Toyota VDJ200 niedawno dotarła do serwisu NAC Rally Team, tak więc nie ma żadnych szans, by jej rajdową metamorfozę zakończyć przed marcowymi zawodami Italian Baja, w których Polacy startowali przed rokiem. Przed zespołem dużo pracy i… oczekiwania na części, które bywają towarem deficytowym. W założeniu auto powinno być gotowe na czerwiec. Decyzje dotyczące pierwszych startów kontrolnych jeszcze nie zapadły, ale jedno jest pewne ? 6 lipca 2013 zespół zamierza w komplecie stawić się na moskiewskim Placu Czerwonym, na starcie Silk Way Rally, czyli europejskiego konkurenta Dakaru. – ?Silk? to mój ulubiony rajd! – zachwyca się Paweł Molgo. – Chciałbym w nim ponownie wystartować, bo mam przemiłe wspomnienia z ubiegłego roku. Przepiękne trasy i krajobrazy, dobra organizacja i niewygórowane wpisowe ? czego chcieć więcej?
Z końcem wakacji NAC Rally Team zamierza wystartować w Baja Poland ? szczecińskiej rundzie Pucharu Świata FIA, którą dla polskich off-roaderów jest imprezą nieomal obowiązkową. Rzadko się zdarza szansa rywalizacji ?na własnym podwórku? (a konkretnie drawskim poligonie) z najlepszymi zawodnikami świata, której na dodatek towarzyszy duże zainteresowanie mediów i kibiców.
Zamknięciem tegorocznego sezonu dla zawodników warszawskiego zespołu będzie kolejny jesienny rajd afrykański – prawdopodobnie Rajd Faraonów w Egipcie lub Rajd Maroka, w którym z powodzeniem brali udział w ubiegłym sezonie. Dla ?arabskiej? Toyoty powrót do ciepłych krajów będzie okazją do zaprezentowania jej pustynnych umiejętności.
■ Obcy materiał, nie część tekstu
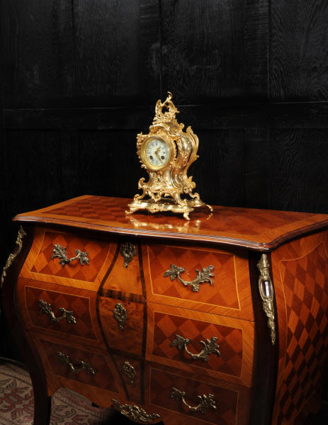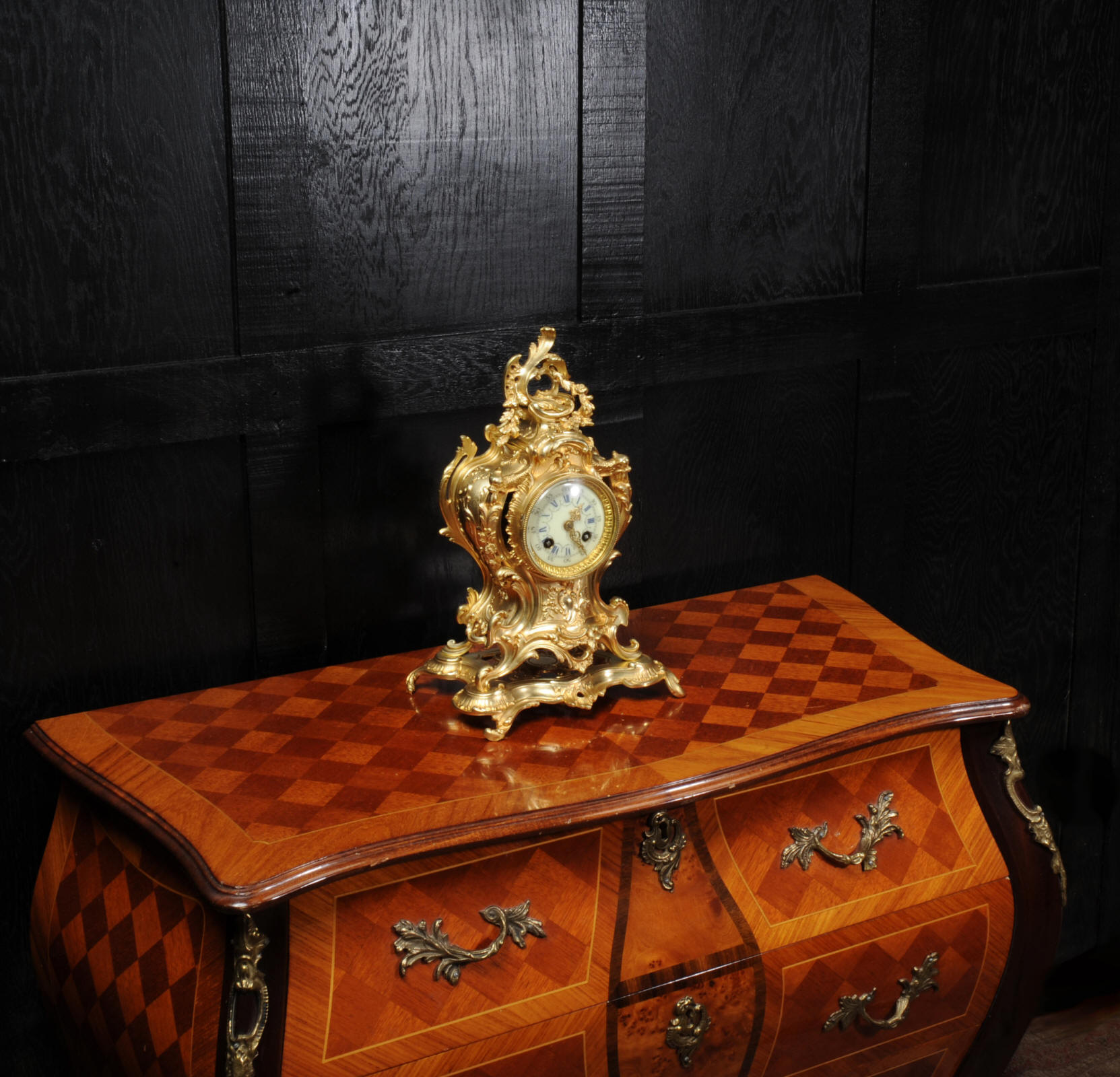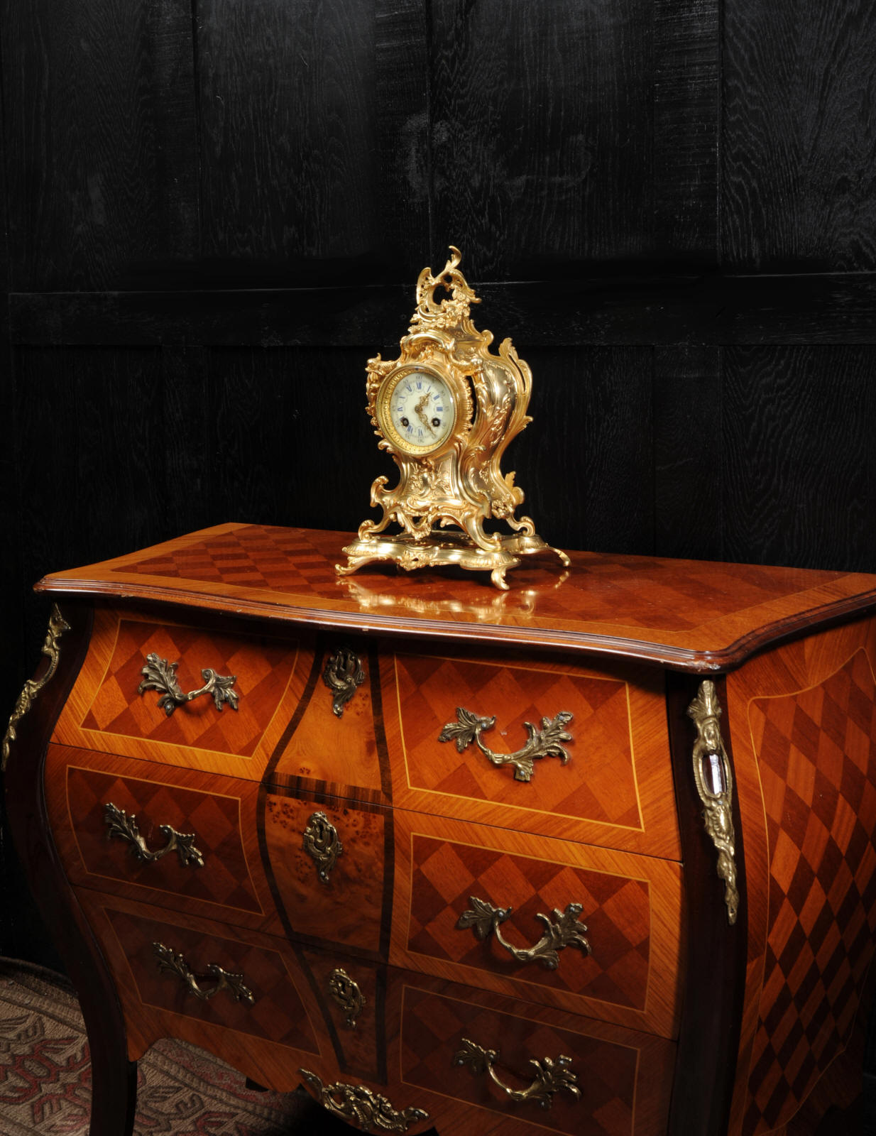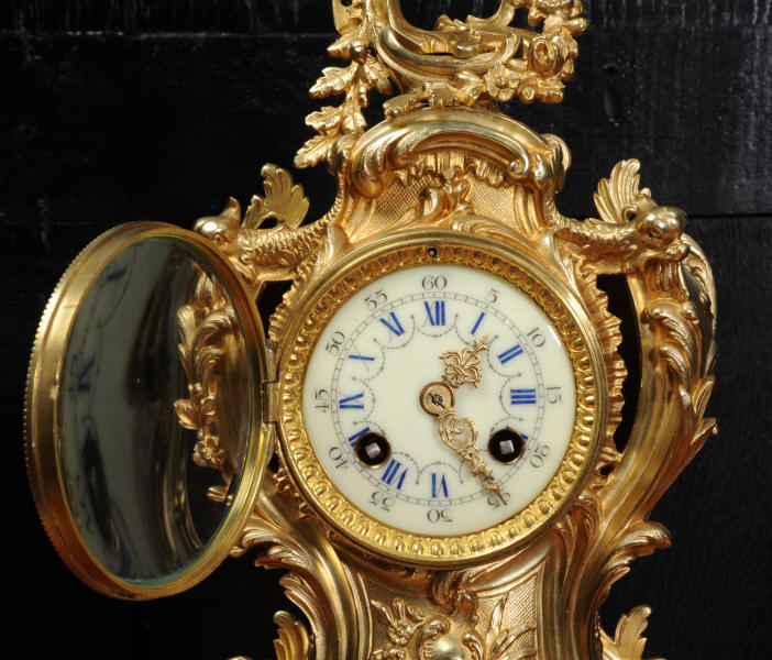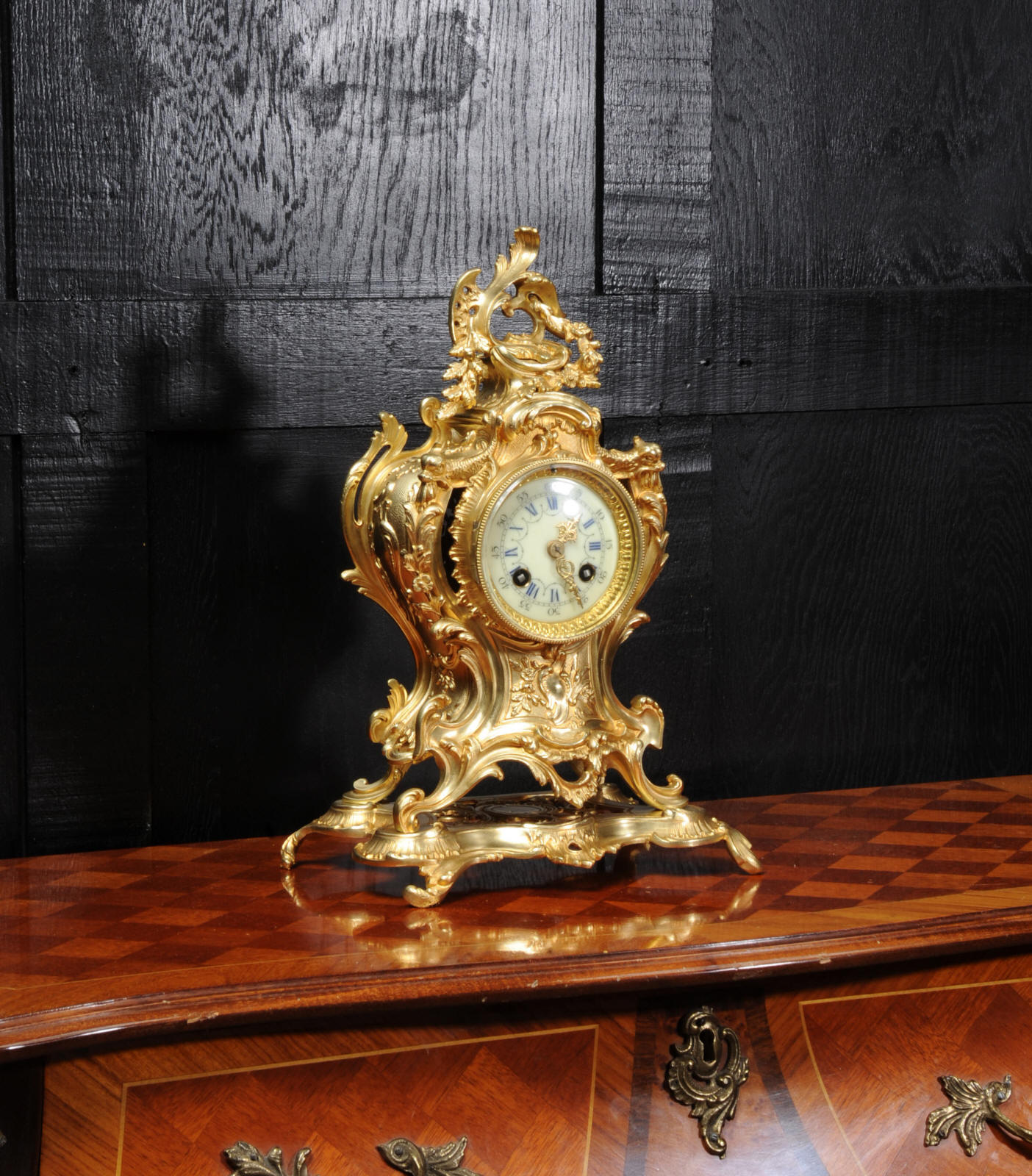 The dial is cream porcelain enamel, lettered in blue. It is complete with it's original finely fretted gilt hands and convex glazed bezel. The French movement is by Louis Japy and is in excellent clean and running condition having been fully overhauled by our clockmaker. Pendulum is a replacement. It runs for 8 days and strikes the hours and halves on a bell. Click the video clip below to hear the bell and watch the clock running. According to an advertisement in the 1896 issue of Didot-Bottin (directory and almanac for commerce, industry, judicial and civil services) the Maison H. Riondet, Comptoir General, a retailer, was one of ‘the most well-stocked shops for everything from: jewellery, bronze art objects, timepieces & furniture, precious stones, marble sculptures, silverware, ceiling lights & white metal, chandeliers, cutlery, lamps & diamond-facetted fireplaces, travel clocks, “fine-stone” pearls.’ It boasted ‘factory prices’ and ‘retail stores in Paris with no other branches, representatives, or offices in any other city, French or foreign.’ Maison H. Riondet was located at 9, boulevard Poissonnière and 45, rue du Sentier in Paris. The 1911 Annuaire de la Curiosité et des Beaux-Arts, a directory of curiosities and fine art, shows that the retailer was a member of the bronze manufacturing trade union. Intersecting the grand Parisian boulevards, the Comptoir Général was located on the royal route, which under the Second Empire already connected the Madeleine to the Gymnase Theatre. The retailer figured among the great Parisian stores of the late nineteenth-century, providing “free entry” to customers. Strolling from the Place de la Madeleine to the Café des Variétés on Boulevard Montmartre, elegant crowds stopped to admire the store’s display windows, stocked in an abundant and spectacular manner. The Comptoir Général was contemporary with other great department stores of the period, like the Grands Magasins du Louvre, Bon Marché, and La Samaritaine, and attested to the new forms of commerce developing during the second half of the nineteenth century. These stores became showcases; advertising in newspapers, they offered the consumer a diverse and varied product, displayed in a way that was elaborate and luxurious.

Czy w planach NAC Rally Teamu jest występ w rajdzie Dakar? W zasadzie nic nie stoi na przeszkodzie ? z rajdową Toyotą, szybkim wsparciem w postaci Unimoga T4 i jadącą na zapleczu ciężarówką serwisową zespół doświadczonych zawodników i serwisantów miałby szansę powalczyć o dobry wynik w grupie T2. By jednak wziąć udział w Dakarze, konieczne jest zgromadzenie dość pokaźnego budżetu. Póki co nad Dakarem postawiony został więc duży znak zapytania.